### Supplied information
▬▬▬▬▬▬▬▬▬▬

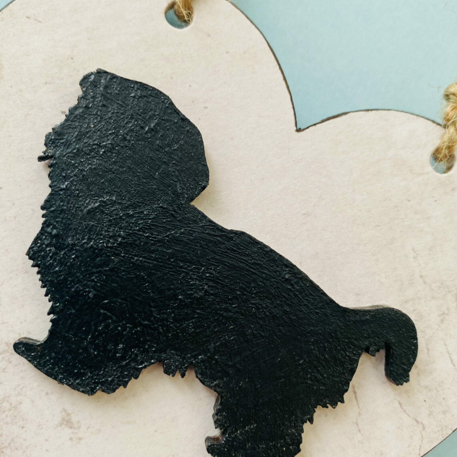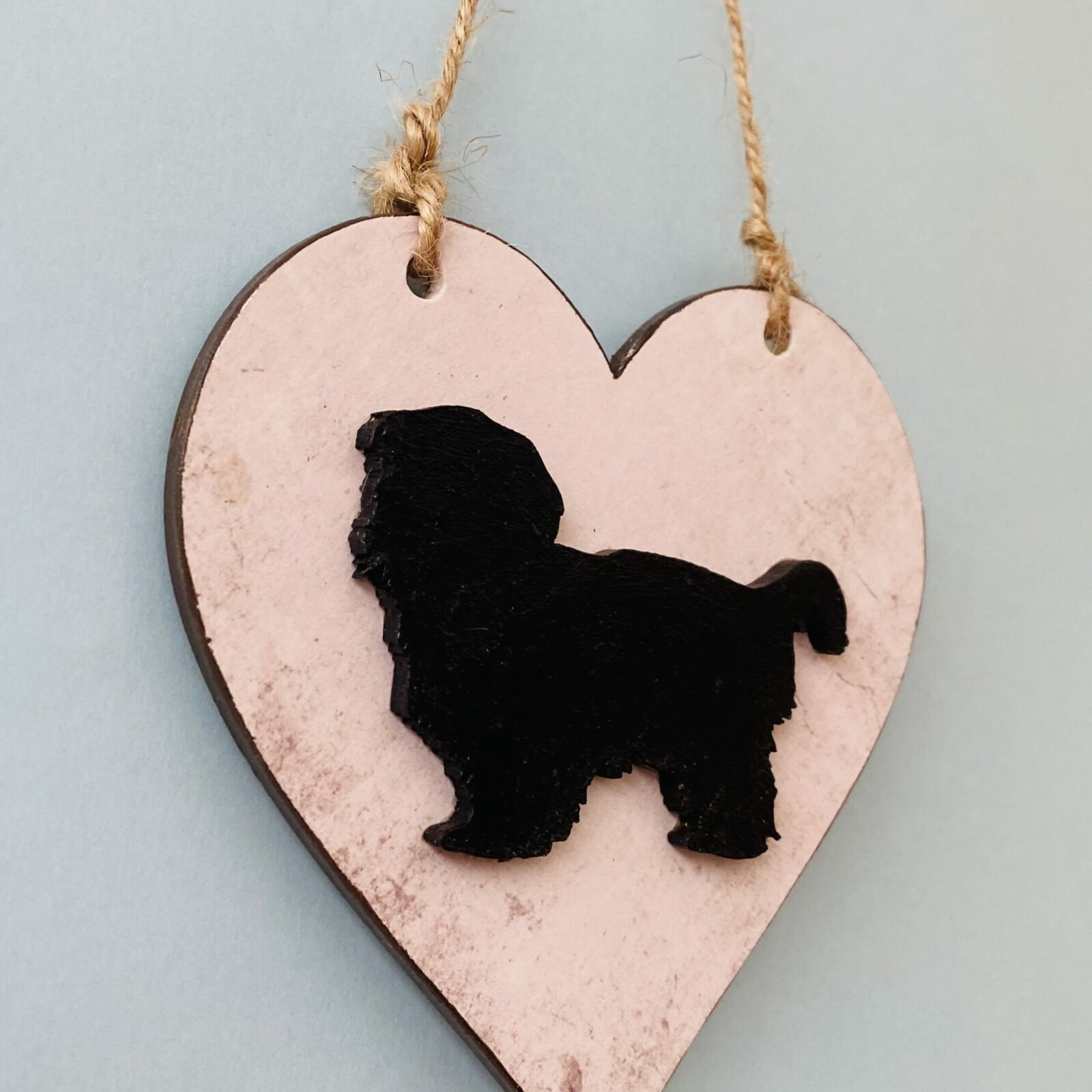 The heart has been decoupaged with a vintage print design, beautifully finished, with a wooden Shih Tzu, which has been painted with black acrylic paint, and added to the background.
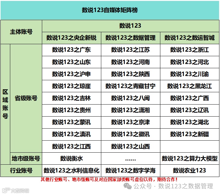 数说123之数据管理是北京数说政通科技有限公司旗下自媒体矩阵“数说123”子账号,面向国家、省、市、县四级数据管理部门,聚焦政策热点、项目动态,依托自媒体、数据、情报、资源,为客户提供媒体宣传与账号运营、行业对标、洞察分析,助力数据管理事业发展,洞察数据行业趋势,链接数据产业价值。
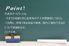 そうして、サービサーとの合意の3年目を迎え、収益不動産、国内工場を売却し、弁済。
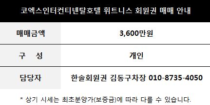 코엑스인터컨티넨탈호텔 휘트니스 회원권 안내

▬▬▬▬▬▬▬▬▬▬

### Task to carry out
Could you repeat each line above exactly as written? Omit the pictures.

### The completed task
 The heart has been decoupaged with a vintage print design, beautifully finished, with a wooden Shih Tzu, which has been painted with black acrylic paint, and added to the background.
 数说123之数据管理是北京数说政通科技有限公司旗下自媒体矩阵“数说123”子账号,面向国家、省、市、县四级数据管理部门,聚焦政策热点、项目动态,依托自媒体、数据、情报、资源,为客户提供媒体宣传与账号运营、行业对标、洞察分析,助力数据管理事业发展,洞察数据行业趋势,链接数据产业价值。
 そうして、サービサーとの合意の3年目を迎え、収益不動産、国内工場を売却し、弁済。
 코엑스인터컨티넨탈호텔 휘트니스 회원권 안내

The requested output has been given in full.